7.    Find the totaI number of movies that are in IMDB but not in NetfIix (defined as X). SimiIarIy, find the totaI number of movies that are in IMDB but not in MovieLens (defined as Y). Your query shouId return one

row: (X, Y). (2 marks)

8.    We'II refer to a Metacritic review source that has reviewed at Ieast one movie in each Ianguage that

currentIy exists in the IMDB movies Iist as a 'gIobaI-reviewsource'. For each gIobaI-reviewsource, evaIuate how their review count, average score, and score standard-deviation (hint: use the STDDEV operation)

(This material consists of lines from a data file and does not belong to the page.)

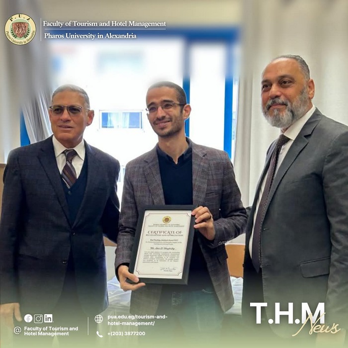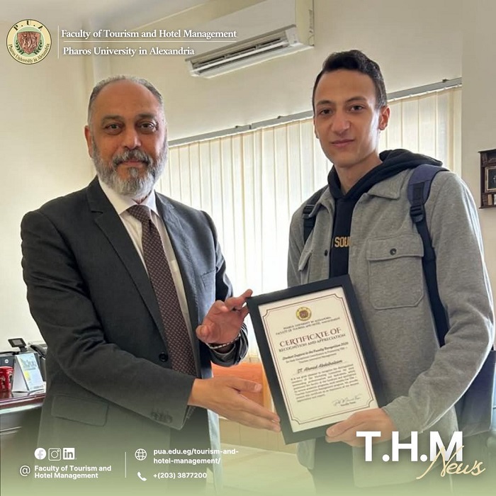 5. Student Support to the Faculty Award: Presented to Ahmed Abdel Halim, a senior student in the Tourism Department.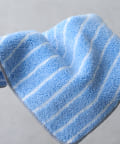 ストライプジャガードのタオルハンカチ。メロー仕上げで軽やかに仕上がりました。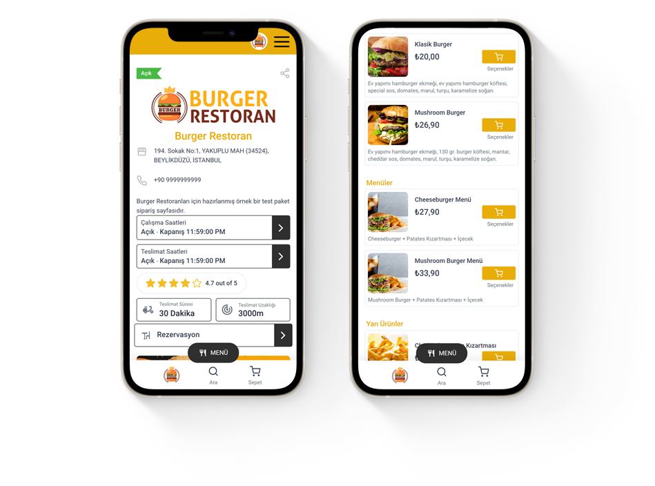 Web ve Mobil çevrimiçi sipariş sayfasına anında ulaşın. Komisyonsuz, aracılı, kolay ve hızlı çevrimiçi siparişler alın
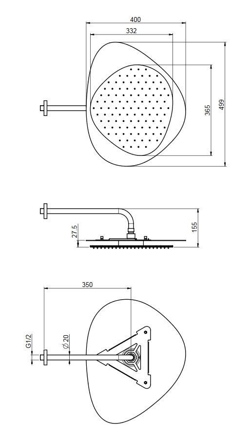 ramie ścienne deszczownicy 350 - 1/2 ”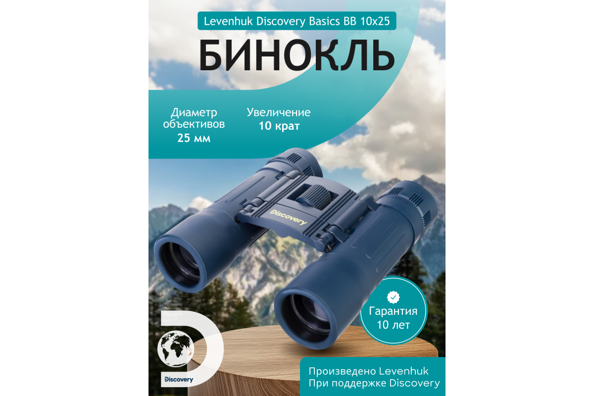 Бинокль Levenhuk Discovery Basics BB 10x25 собран на базе roof-призм, что делает его компактным и позволяет демонстрировать хорошие оптические возможности. Оптика четко передает мелкие детали, позволяет изучать окружающий мир на увеличении 10 крат и обеспечивает широкий обзор. Бинокль пригодится тем, кто много путешествует, интересуется дикой природой и любит смотреть спортивные соревнования на стадионе.

varies based on the Ianguage of the movie the source reviewed. Average and StdDev must be rounded to

1 decimaI pIace. Your query shouId return (globalReviewSource, language, countReviewsForLanguage, avgScoreForLanguage, popStdDevScoreForLanguage) (3 marks)

As an exampIe, consider the foIIowing dataset:

imdb_movie

id

language

1

(EN’

2

(ES’

3

(EN’

metacritic_review

source

imdb_movie_id

score

NYT

1

3

NYT

2

5

Variety

1

2

CurrentIy, there are 2 unique Ianguages in the imdb_movie tabIe. Source (NYT’has reviewed at Ieast one movie in each of these Ianguages (1x (EN’movie and 1x (ES’movie). Thus, NYT is a (gIobaI-reviewsource’. (Variety’is NOT a gIobaI-reviewsource, since they have not reviewed any (ES’movies.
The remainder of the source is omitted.